___ EXERCISE MATERIAL ___

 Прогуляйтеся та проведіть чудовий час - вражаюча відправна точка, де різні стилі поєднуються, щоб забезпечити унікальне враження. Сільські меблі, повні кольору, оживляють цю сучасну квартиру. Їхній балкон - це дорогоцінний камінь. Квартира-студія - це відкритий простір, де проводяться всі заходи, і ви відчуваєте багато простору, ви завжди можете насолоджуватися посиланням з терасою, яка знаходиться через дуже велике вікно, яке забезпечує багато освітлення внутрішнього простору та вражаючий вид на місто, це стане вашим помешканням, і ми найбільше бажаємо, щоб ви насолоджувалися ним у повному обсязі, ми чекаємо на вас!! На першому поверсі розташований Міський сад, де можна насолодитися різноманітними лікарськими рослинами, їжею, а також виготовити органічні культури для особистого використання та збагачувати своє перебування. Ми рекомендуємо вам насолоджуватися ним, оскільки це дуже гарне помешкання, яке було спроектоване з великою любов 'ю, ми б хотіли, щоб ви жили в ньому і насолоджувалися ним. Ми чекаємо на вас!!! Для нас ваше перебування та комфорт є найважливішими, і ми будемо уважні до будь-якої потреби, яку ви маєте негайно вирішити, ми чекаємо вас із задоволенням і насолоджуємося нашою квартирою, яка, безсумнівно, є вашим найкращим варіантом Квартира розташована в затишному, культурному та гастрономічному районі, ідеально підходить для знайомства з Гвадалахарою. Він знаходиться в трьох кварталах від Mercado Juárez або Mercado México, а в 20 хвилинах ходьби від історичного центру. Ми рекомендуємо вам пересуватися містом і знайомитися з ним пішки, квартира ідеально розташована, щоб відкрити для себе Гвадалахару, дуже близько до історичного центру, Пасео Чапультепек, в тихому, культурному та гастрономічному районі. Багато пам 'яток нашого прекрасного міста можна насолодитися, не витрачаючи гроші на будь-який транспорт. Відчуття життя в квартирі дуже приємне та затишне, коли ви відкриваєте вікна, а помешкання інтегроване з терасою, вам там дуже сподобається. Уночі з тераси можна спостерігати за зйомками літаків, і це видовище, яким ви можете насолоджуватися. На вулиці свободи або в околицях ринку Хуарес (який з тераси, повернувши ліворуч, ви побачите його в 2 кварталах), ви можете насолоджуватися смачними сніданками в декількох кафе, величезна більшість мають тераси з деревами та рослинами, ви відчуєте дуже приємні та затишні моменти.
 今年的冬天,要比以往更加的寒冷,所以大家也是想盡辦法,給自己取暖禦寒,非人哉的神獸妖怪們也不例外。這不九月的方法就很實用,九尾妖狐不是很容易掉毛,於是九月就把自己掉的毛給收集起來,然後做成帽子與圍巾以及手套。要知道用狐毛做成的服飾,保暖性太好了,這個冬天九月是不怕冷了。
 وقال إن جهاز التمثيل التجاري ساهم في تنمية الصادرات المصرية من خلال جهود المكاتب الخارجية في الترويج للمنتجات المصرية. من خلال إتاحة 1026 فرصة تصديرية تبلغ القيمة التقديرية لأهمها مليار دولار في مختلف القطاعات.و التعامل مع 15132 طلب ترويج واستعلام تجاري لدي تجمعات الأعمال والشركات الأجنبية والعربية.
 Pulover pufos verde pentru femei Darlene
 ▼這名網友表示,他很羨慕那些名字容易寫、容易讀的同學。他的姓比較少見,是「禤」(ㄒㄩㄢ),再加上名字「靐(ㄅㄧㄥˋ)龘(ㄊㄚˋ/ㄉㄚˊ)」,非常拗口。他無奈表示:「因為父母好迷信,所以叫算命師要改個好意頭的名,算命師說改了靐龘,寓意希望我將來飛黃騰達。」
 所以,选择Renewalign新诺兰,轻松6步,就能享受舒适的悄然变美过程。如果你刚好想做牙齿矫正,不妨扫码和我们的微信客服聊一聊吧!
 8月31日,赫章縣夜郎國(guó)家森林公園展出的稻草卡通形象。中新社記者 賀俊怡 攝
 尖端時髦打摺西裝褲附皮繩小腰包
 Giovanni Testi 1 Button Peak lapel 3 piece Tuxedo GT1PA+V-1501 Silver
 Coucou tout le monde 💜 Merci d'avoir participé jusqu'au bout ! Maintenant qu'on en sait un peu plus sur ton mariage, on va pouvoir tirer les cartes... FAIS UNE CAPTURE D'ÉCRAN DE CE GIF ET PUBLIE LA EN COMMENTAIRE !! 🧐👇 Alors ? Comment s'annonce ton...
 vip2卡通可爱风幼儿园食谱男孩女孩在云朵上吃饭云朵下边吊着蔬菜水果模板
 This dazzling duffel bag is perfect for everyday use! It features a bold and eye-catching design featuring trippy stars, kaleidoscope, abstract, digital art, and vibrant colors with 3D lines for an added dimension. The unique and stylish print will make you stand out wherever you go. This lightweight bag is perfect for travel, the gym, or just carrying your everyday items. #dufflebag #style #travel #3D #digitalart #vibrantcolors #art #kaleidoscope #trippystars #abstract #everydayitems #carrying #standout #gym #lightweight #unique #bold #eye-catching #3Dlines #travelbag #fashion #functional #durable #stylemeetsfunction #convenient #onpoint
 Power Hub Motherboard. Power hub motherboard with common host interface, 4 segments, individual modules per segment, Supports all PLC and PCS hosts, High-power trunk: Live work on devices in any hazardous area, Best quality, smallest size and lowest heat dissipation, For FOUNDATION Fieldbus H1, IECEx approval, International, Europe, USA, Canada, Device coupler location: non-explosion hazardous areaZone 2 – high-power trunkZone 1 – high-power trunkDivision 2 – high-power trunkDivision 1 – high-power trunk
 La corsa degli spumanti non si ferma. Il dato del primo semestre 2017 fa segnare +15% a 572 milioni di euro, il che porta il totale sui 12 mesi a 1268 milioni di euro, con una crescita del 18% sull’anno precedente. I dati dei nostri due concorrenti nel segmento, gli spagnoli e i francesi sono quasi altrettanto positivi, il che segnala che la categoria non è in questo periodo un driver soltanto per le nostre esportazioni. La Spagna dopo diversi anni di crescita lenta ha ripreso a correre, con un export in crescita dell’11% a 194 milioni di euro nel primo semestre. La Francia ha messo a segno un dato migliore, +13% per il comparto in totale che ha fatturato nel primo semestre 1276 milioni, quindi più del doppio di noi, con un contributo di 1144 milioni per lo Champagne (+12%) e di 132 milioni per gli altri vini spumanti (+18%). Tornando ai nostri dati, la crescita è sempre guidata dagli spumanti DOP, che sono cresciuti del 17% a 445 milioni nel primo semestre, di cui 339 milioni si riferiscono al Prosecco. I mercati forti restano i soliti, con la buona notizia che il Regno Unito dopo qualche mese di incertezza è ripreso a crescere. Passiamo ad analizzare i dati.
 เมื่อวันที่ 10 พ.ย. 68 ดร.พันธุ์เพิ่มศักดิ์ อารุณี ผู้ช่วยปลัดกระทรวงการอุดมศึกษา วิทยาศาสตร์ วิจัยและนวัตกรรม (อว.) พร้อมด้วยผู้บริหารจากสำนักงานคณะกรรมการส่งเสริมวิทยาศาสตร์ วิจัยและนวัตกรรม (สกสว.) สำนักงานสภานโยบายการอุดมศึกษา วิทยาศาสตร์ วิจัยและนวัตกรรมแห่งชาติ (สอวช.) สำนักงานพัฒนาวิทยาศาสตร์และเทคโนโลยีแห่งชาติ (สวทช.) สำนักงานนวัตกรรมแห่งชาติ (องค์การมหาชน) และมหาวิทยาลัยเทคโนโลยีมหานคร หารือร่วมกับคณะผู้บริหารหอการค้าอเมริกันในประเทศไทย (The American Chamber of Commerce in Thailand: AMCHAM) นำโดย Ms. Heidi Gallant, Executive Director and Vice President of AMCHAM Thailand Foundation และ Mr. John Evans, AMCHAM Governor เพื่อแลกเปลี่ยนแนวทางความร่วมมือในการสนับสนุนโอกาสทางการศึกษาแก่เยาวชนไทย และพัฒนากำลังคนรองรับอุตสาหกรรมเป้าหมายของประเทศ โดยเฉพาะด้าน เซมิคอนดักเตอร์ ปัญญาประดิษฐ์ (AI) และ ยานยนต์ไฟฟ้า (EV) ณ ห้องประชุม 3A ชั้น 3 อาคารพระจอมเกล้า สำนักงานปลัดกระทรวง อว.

___

__YOUR TASK__
Transcribe, exactly and without additions, the lines of the records above, beginning with the line that contains "Pulover pufos verde pentru femei Darlene" and ending with the line that contains "Giovanni Testi 1", both included.

__ANSWER BOX__
 Pulover pufos verde pentru femei Darlene
 ▼這名網友表示,他很羨慕那些名字容易寫、容易讀的同學。他的姓比較少見,是「禤」(ㄒㄩㄢ),再加上名字「靐(ㄅㄧㄥˋ)龘(ㄊㄚˋ/ㄉㄚˊ)」,非常拗口。他無奈表示:「因為父母好迷信,所以叫算命師要改個好意頭的名,算命師說改了靐龘,寓意希望我將來飛黃騰達。」
 所以,选择Renewalign新诺兰,轻松6步,就能享受舒适的悄然变美过程。如果你刚好想做牙齿矫正,不妨扫码和我们的微信客服聊一聊吧!
 8月31日,赫章縣夜郎國(guó)家森林公園展出的稻草卡通形象。中新社記者 賀俊怡 攝
 尖端時髦打摺西裝褲附皮繩小腰包
 Giovanni Testi 1 Button Peak lapel 3 piece Tuxedo GT1PA+V-1501 Silver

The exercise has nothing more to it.